== Prompt ==
Retype the lines below exactly, from the one that contains "新中式全屋空间客餐厅SU模型下载_sketchup草图大师SKP模型" through the last, and leave every picture out.
═════ Provided records
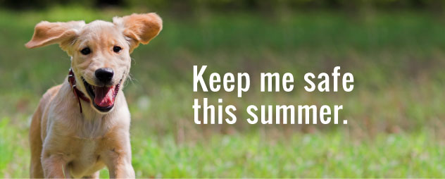 The warm summer months are the perfect time to take your dog with you for outdoor, family fun. But with the rising temperatures, dogs can easily get overheated in the summer, causing them to become dehydrated and sick. Not only is it important to keep dogs safe in hot weather, it’s also important to keep them clear from hazardous chemicals and certain foods.
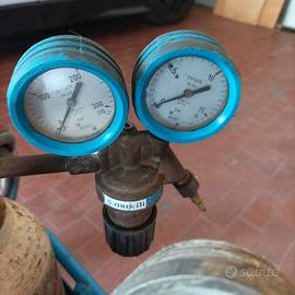 Valuto offerte per Kit per saldatura ossiacetilenica con cannello completo come da foto. Bombole piene da 5 litri cad. ma prive di libretto. Tubo in gomma vecchio da sostituire. Visione e ritiro qui in loco. Non spedisco. Solo messaggi.
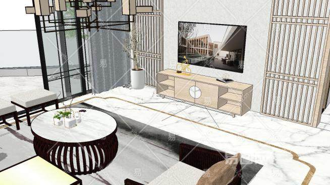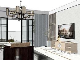 新中式全屋空间客餐厅SU模型下载_sketchup草图大师SKP模型
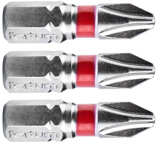 hrot křížový phillips, sada 3ks, PH 1 x 25 mm, S2. Hroty, které Vám dovolí dostat se i tam, kam byste se dostat neměli. Řada Fortum-KITO obsahuje široký záběr od běžně používaných typů až po ty speciální. Všechny hroty Fortum-KITO jsou vyrobeny z oceli nejvyšší třídy S2, přesně frézované a povrchově úpravené buďto vrstvou titanového povlaku nebo pískováním. materiál S2. technické parametry PH 1 x 25 mm. značka FORTUM.
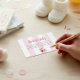 This adorable 'Books for Baby' enclosure card is the perfect way to encourage guests to bring a book instead of a card to celebrate your new arrival. Featuring a charming pink and white stripe pattern and sweet cherry illustration, this card adds a touch of playful elegance to your baby shower invitations. It kindly requests guests to bring a book and sign it, creating a cherished keepsake for years to come. Let this card be the start of a wonderful library for your little one.
══════════
== Task answer ==
 新中式全屋空间客餐厅SU模型下载_sketchup草图大师SKP模型
 hrot křížový phillips, sada 3ks, PH 1 x 25 mm, S2. Hroty, které Vám dovolí dostat se i tam, kam byste se dostat neměli. Řada Fortum-KITO obsahuje široký záběr od běžně používaných typů až po ty speciální. Všechny hroty Fortum-KITO jsou vyrobeny z oceli nejvyšší třídy S2, přesně frézované a povrchově úpravené buďto vrstvou titanového povlaku nebo pískováním. materiál S2. technické parametry PH 1 x 25 mm. značka FORTUM.
 This adorable 'Books for Baby' enclosure card is the perfect way to encourage guests to bring a book instead of a card to celebrate your new arrival. Featuring a charming pink and white stripe pattern and sweet cherry illustration, this card adds a touch of playful elegance to your baby shower invitations. It kindly requests guests to bring a book and sign it, creating a cherished keepsake for years to come. Let this card be the start of a wonderful library for your little one.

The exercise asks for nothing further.